You are a CTI analyst reviewing intelligence from past investigations.
Use the following context to answer the question.
If you don't know the answer, say so — do not fabricate information.
Context:
{context}
Question: {question}
Answer with specific entities, techniques, and confidence levels where possible:
""")
def format_docs(docs):
return "\n\n".join(doc.page_content for doc in docs)
chain = (
{"context": retriever | format_docs, "question": RunnablePassthrough()}
| prompt
| llm
| StrOutputParser()
)
answer = chain.invoke("What is known about APT28's spear-phishing techniques?")
print(answer)
5. Add conversation history¶
To pass prior conversation turns as context, build the context string yourself and include it in the prompt:
from langchain_core.messages import HumanMessage, AIMessage
chat_history = []
question = "What CVEs were in the XZ Utils incident?"
docs = retriever.invoke(question)
context = "\n\n".join(doc.page_content for doc in docs)
messages = chat_history + [HumanMessage(content=f"Context:\n{context}\n\nQuestion: {question}")]
response = llm.invoke(messages)
chat_history += [HumanMessage(content=question), AIMessage(content=response.content)]
print(response.content)
Under the hood¶
ZettelForgeRetriever._get_relevant_documents() calls MemoryManager.recall()
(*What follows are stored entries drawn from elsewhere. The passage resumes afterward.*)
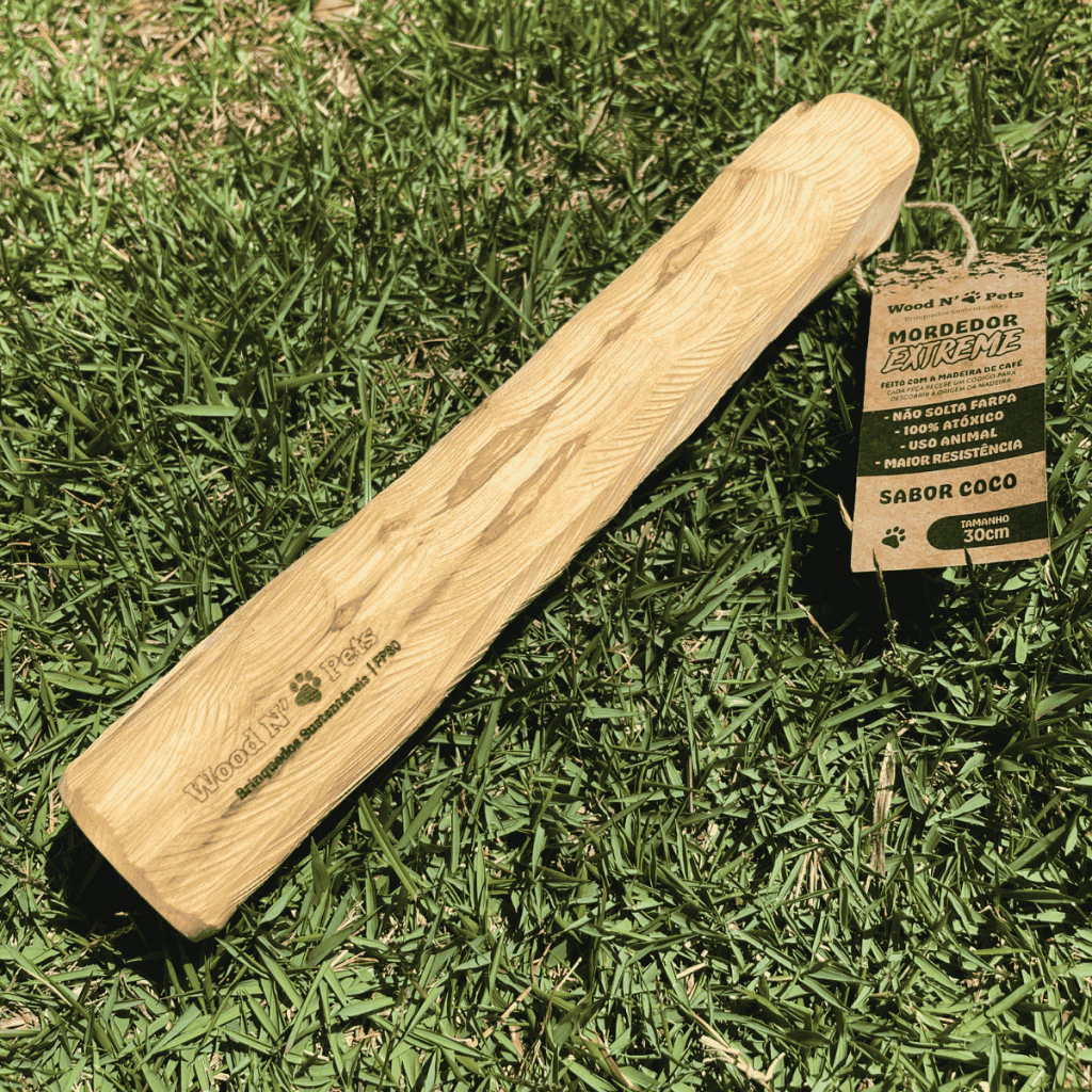 Para cães com mordida poderosa que amam roer, o Mordedor Natural Extreme de Madeira de Café é a escolha ideal. Produzido com madeira sustentável proveniente de podas controladas do cafeeiro, esse brinquedo resistente proporciona mastigação segura e natural, sem risco de farpas perigosas.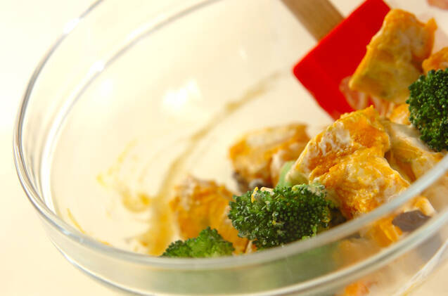 耐熱皿に水でぬらしたブロッコリーを並べ、ラップをかけて電子レンジで1分30秒~2分加熱し、色が鮮やかになったら(1)に加えて混ぜ合わせ、レーズンも混ぜ合わせる。器に盛り、スライスアーモンドを散らす。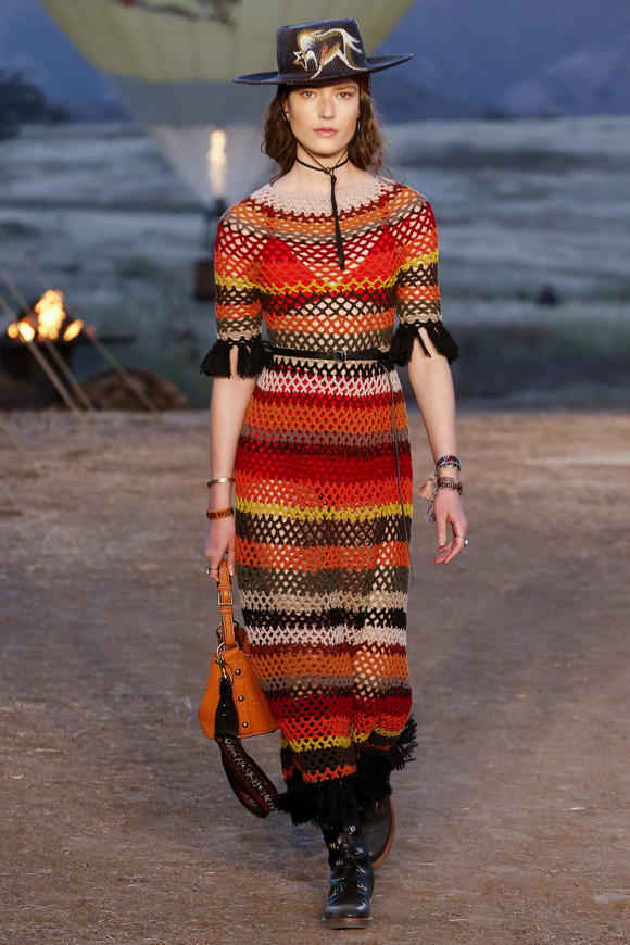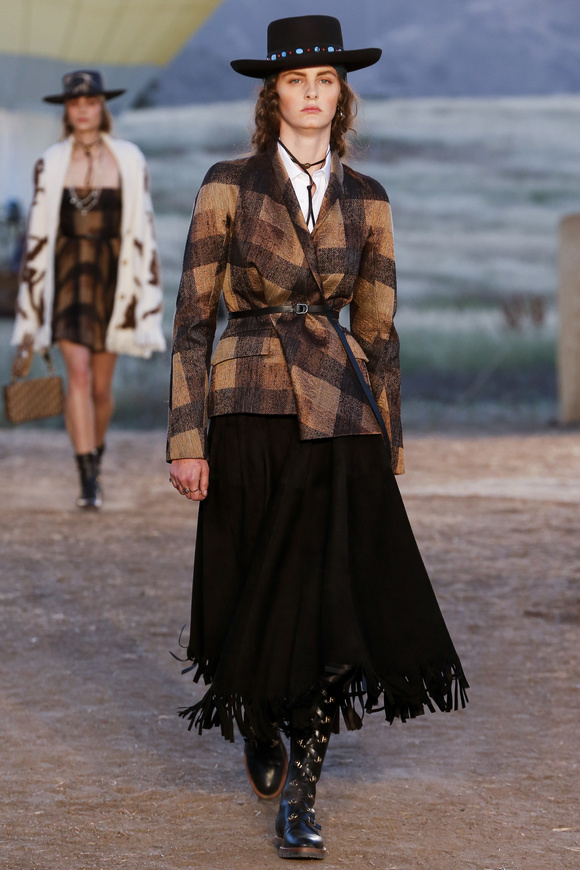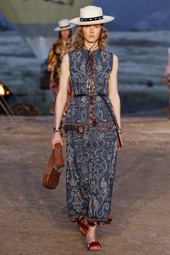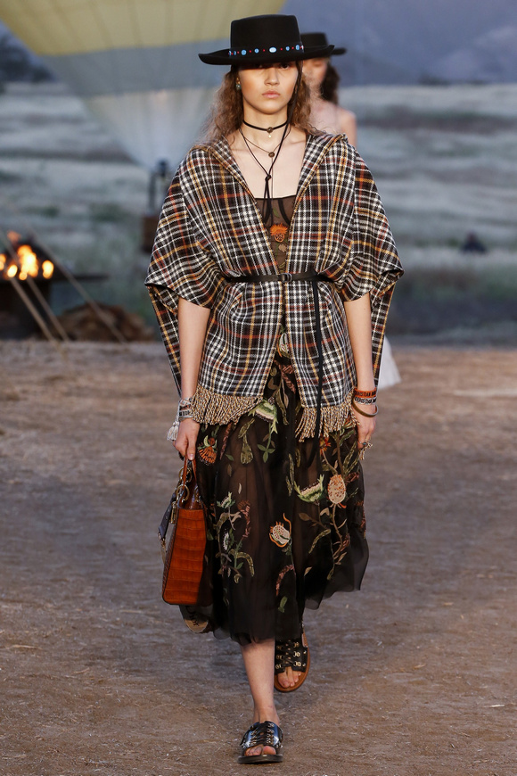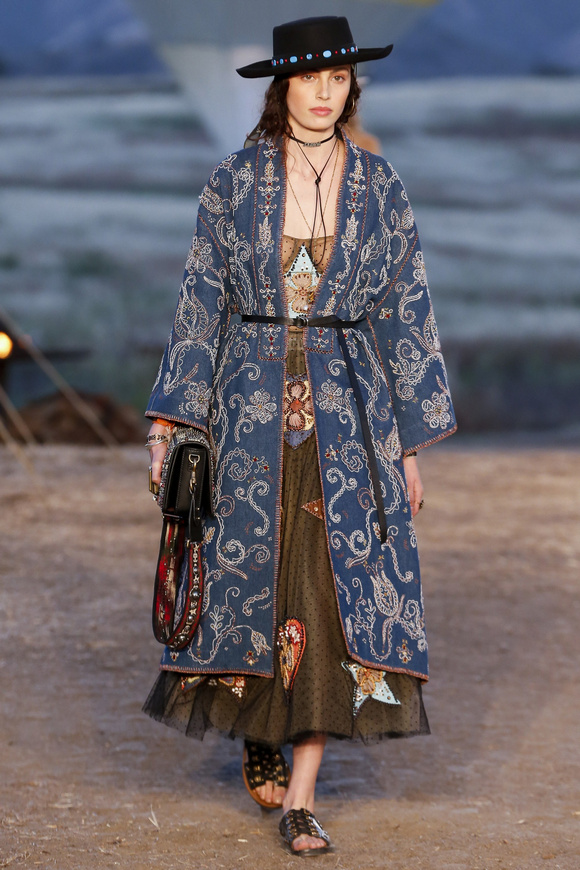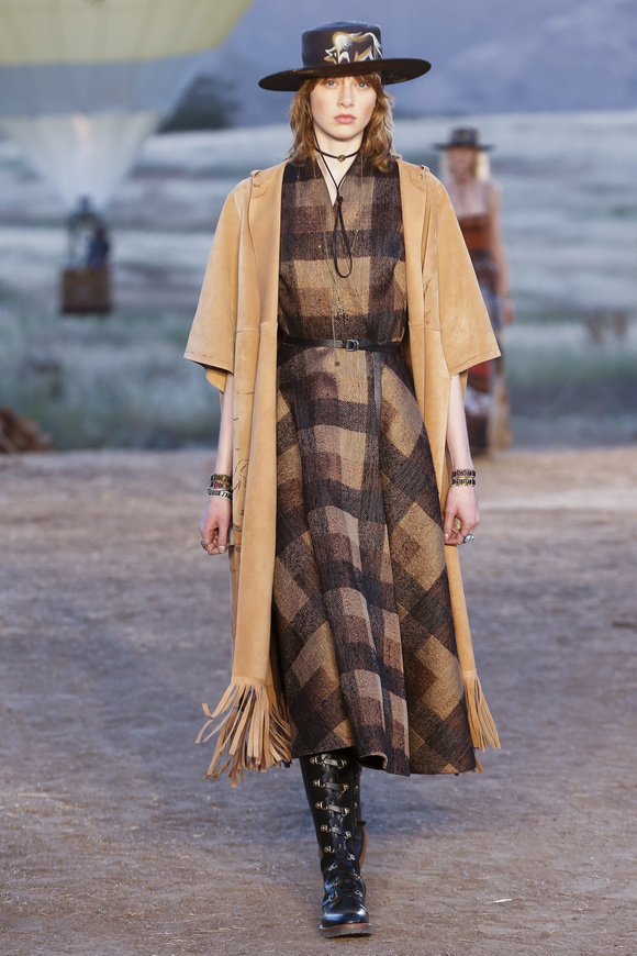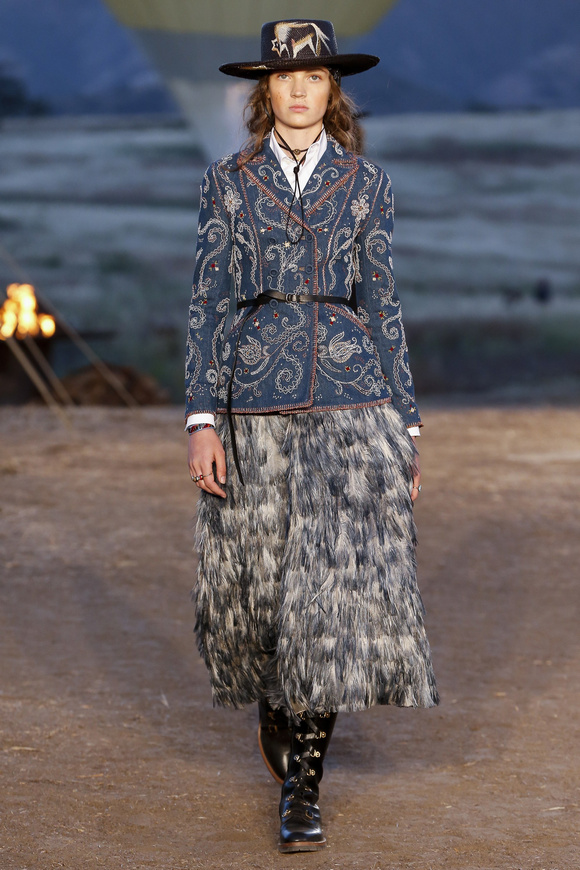 Chirstian Dior 克里斯汀 迪奧 這一季的時裝發(fā)布會挑在洛杉磯舉行,設(shè)計的靈感來自十年前在法國西南部的古代壁畫,要與自然的要素聯(lián)系在一起,譬如美洲獅、響尾蛇等等。裙子和披風(fēng)都有拉斯科草圖、酒椰葉纖維提花、塔羅牌的插圖、和柔軟的印花皮草、還有珠繡的牛仔也是一大兩點。
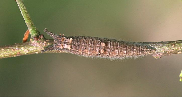 黑脉蛱蝶以幼虫越冬看!黑脉蛱蝶的虫宝紧紧地匍匐在树枝上,它的体色也模拟树皮的颜色,和周围环境融合在一起。

with your configured parameters. recall() runs the full blended retrieval
pipeline — vector similarity search over LanceDB, knowledge graph expansion over
SQLite, intent classification, and result reranking — then converts each
MemoryNote into a Document.
The retriever uses Pydantic ConfigDict(arbitrary_types_allowed=True) so
MemoryManager is accepted as a field without schema errors.
LangChain version compatibility
These examples use LangChain 1.x (langchain-core 1.x, langchain-community 0.4+).
The RetrievalQA and ConversationalRetrievalChain classes from older LangChain
0.x are not available in LangChain 1.x. Use LCEL chains as shown above.